The Singapore-Kuala Lumpur sector is now served by 11 airlines and is the busiest out of Changi Airport, with 498 flights both ways a week.
Flights take about 45 minutes, but passengers need to check in and make a trip to and from the airport, bringing the total time to five hours, similar to travelling by bus.
“We cannot just sit around and hope that we won’t get hurt… We have to come up with ways to bring people back to the buses,” said Mr Yap, also the chairman of the sub-committee that oversees events promotion and terminal operations at the Express Bus Agencies Association.
The association has 22 members, including big guns such as Five Star Tours, Sri Maju Tours & Travel, and Luxury Tours & Travel, which account for about 60 per cent of the Singapore-Malaysia express bus traffic.
Transtar, with a fleet of 50 coaches running the Singapore-Kuala Lumpur sector 12 times a day, is one of the bigger players in the market, so the likelihood is that other companies will follow suit with lower fares soon, said Mr Yap.
His low-fare deal is a promotional offer for a new class of coach service called Transtar Classic. This line will be scaled down from his high-end coach services, which comes with 18 reclining seats that double as massage chairs, individual entertainment screens and food from Delifrance. Transtar Classic will have 61 seats and run non-stop to Kuala Lumpur three times a day.
Other bus firms are not sure that competing on price alone is the best strategy.
Mr Ismail Abdul Rahman, director of Hasry Singapore, said lower fares would attract more people, but sustainability would be an issue. He is considering raising the level of service and convenience instead, like having Internet connection on the bus.
For construction firm owner Brandon Lim, who takes the bus regularly to Malaysia, the perks mean little. “Planes don’t get me door-to-door, and I have to spend extra time and money on getting to and from the airport. Bus is always better,” he said.
At the end of the day, the customer wins.

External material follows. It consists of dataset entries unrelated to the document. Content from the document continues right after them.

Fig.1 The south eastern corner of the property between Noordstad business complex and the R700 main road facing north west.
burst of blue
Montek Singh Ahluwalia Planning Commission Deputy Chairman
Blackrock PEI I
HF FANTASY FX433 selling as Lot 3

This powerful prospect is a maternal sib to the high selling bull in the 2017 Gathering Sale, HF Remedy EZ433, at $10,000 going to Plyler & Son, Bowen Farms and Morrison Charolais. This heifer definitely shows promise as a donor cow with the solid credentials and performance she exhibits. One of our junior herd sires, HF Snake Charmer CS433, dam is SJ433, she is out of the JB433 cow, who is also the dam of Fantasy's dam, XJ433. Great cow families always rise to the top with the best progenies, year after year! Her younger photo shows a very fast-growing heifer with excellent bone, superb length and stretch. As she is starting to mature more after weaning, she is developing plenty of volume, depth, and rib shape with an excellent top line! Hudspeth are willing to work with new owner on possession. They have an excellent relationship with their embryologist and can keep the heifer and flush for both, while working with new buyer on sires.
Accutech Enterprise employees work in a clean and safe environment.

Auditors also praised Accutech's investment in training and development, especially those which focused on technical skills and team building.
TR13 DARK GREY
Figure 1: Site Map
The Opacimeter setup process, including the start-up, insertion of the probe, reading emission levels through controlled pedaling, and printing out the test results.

Lower fares and even more amenities to suit the diverse needs of commuters during their five-hour bus rides will only help make express buses a more worthy choice mode of transport to the Malaysian capital.
The only factor lacking now is a proper intercity bus/coach terminal in Singapore – a facility already commonly found in other countries, and which the Singapore government can certainly provide – to enhance the overall experience for bus commuters even before and after their long journeys.